> [Required action] Across the data, every line with the word "Pulse" counts once; state the total alone.

> [Provided entries]

=====

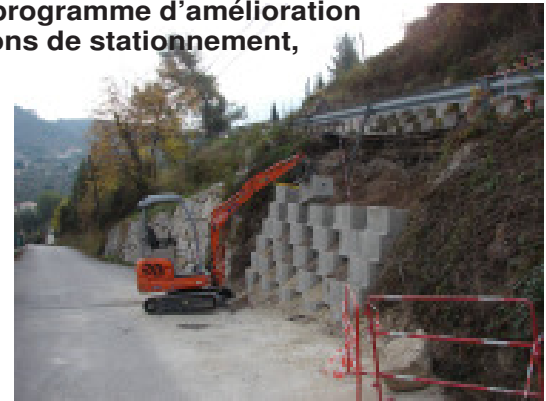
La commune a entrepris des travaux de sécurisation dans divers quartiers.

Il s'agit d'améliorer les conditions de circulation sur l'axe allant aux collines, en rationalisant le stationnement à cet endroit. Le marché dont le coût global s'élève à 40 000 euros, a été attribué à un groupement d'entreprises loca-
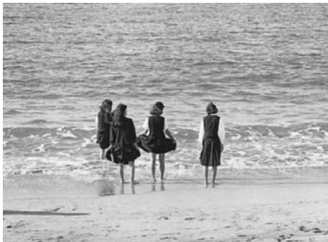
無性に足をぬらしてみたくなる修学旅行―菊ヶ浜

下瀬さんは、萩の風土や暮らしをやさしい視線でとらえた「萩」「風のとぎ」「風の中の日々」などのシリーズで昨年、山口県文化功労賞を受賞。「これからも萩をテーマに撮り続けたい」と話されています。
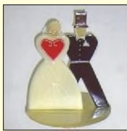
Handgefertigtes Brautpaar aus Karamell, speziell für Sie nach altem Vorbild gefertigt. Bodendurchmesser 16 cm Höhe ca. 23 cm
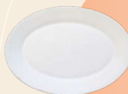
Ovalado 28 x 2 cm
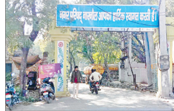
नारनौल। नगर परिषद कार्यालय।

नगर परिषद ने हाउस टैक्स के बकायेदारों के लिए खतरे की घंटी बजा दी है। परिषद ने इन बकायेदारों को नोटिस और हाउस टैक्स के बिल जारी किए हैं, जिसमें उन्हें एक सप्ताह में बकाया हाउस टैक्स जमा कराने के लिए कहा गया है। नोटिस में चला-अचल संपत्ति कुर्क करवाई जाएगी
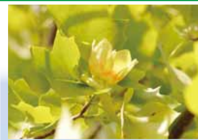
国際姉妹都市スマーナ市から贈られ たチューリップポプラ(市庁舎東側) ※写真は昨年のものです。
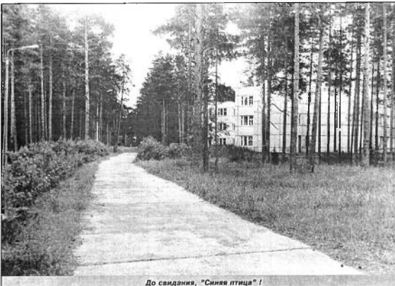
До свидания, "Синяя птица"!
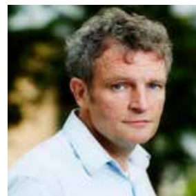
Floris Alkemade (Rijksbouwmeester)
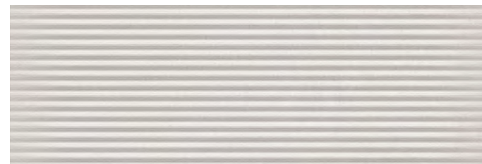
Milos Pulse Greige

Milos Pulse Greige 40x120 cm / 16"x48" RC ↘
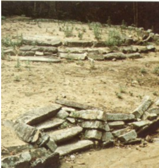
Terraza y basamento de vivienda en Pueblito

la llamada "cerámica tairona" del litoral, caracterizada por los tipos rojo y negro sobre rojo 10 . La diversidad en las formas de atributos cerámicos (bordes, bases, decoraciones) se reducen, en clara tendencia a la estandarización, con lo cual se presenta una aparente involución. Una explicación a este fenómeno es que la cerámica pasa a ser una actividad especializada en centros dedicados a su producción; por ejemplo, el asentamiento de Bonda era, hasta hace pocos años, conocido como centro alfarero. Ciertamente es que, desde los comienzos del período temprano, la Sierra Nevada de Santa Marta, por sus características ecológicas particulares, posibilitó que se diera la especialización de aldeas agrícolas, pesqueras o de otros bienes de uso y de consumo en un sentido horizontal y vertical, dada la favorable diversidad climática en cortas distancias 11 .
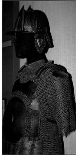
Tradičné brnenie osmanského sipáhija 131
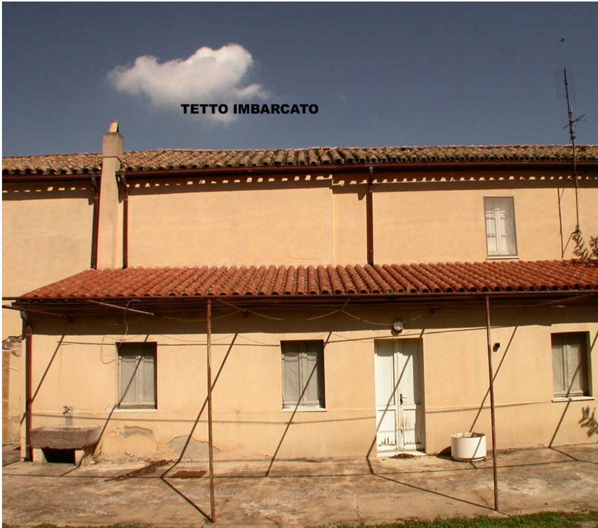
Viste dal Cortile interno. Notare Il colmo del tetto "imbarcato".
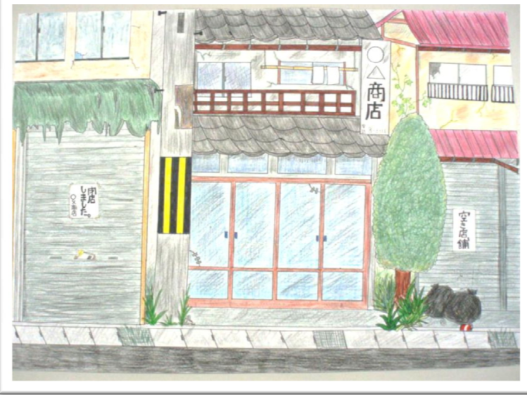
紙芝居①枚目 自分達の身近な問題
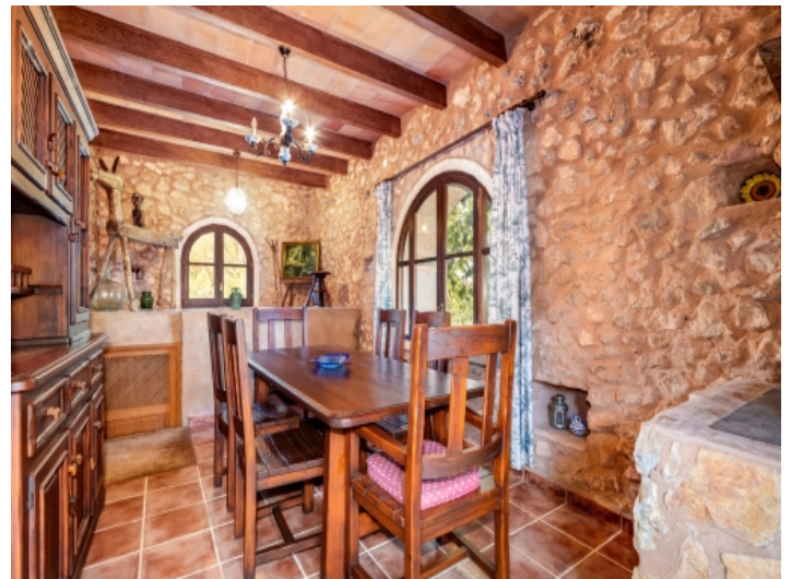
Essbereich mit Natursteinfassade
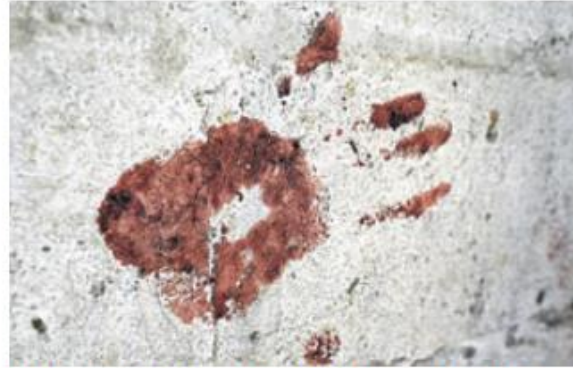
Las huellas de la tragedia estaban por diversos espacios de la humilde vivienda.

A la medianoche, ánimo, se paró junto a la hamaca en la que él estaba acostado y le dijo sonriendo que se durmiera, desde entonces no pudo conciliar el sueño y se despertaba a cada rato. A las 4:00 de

=====

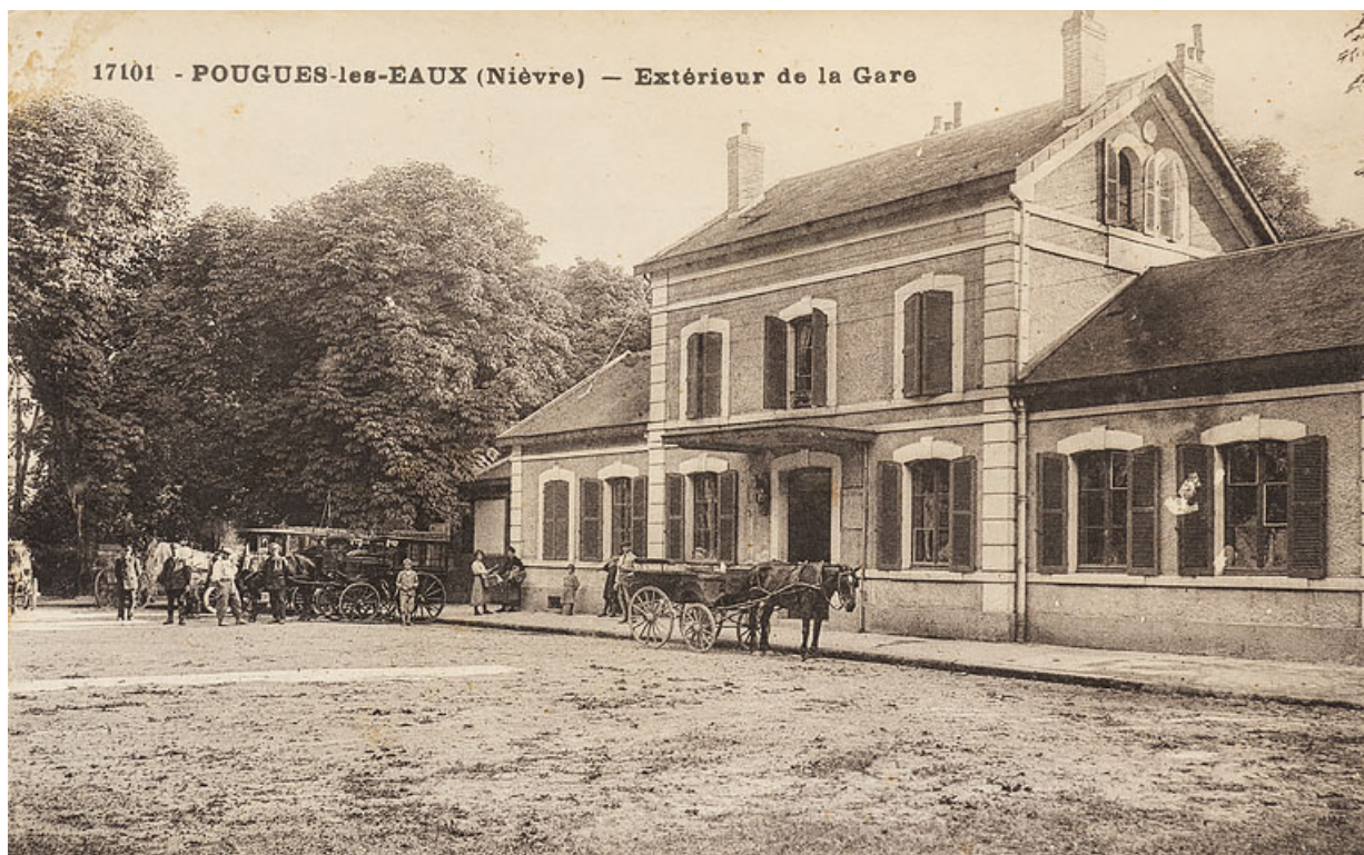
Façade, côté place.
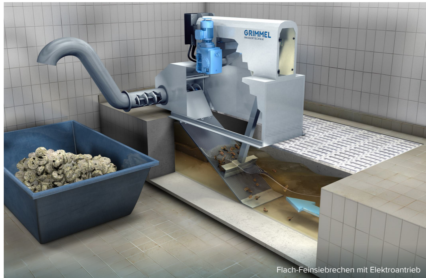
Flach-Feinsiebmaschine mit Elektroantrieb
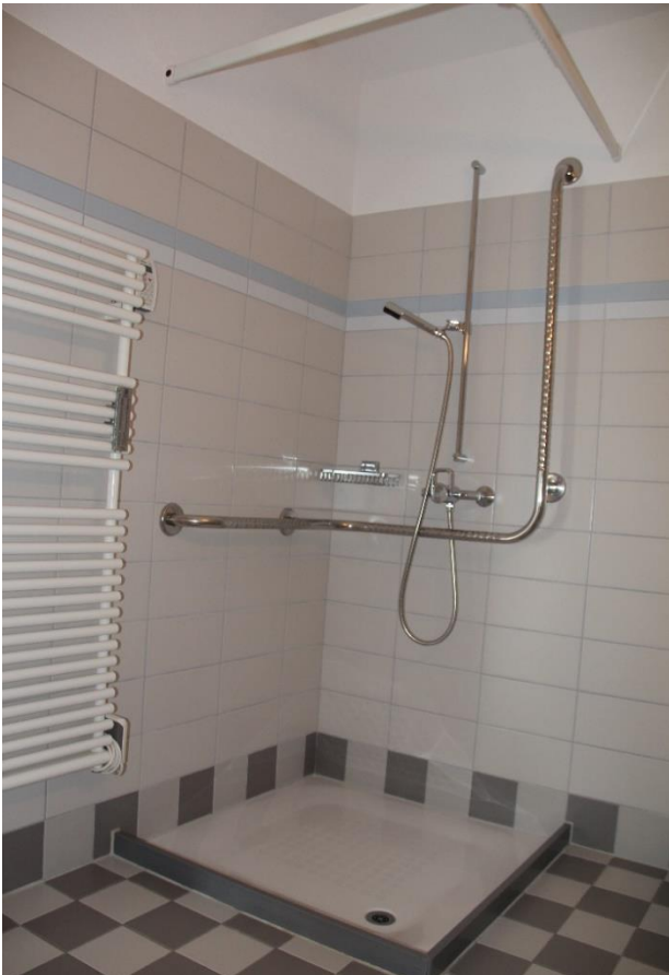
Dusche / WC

=====

> [Answer section] 2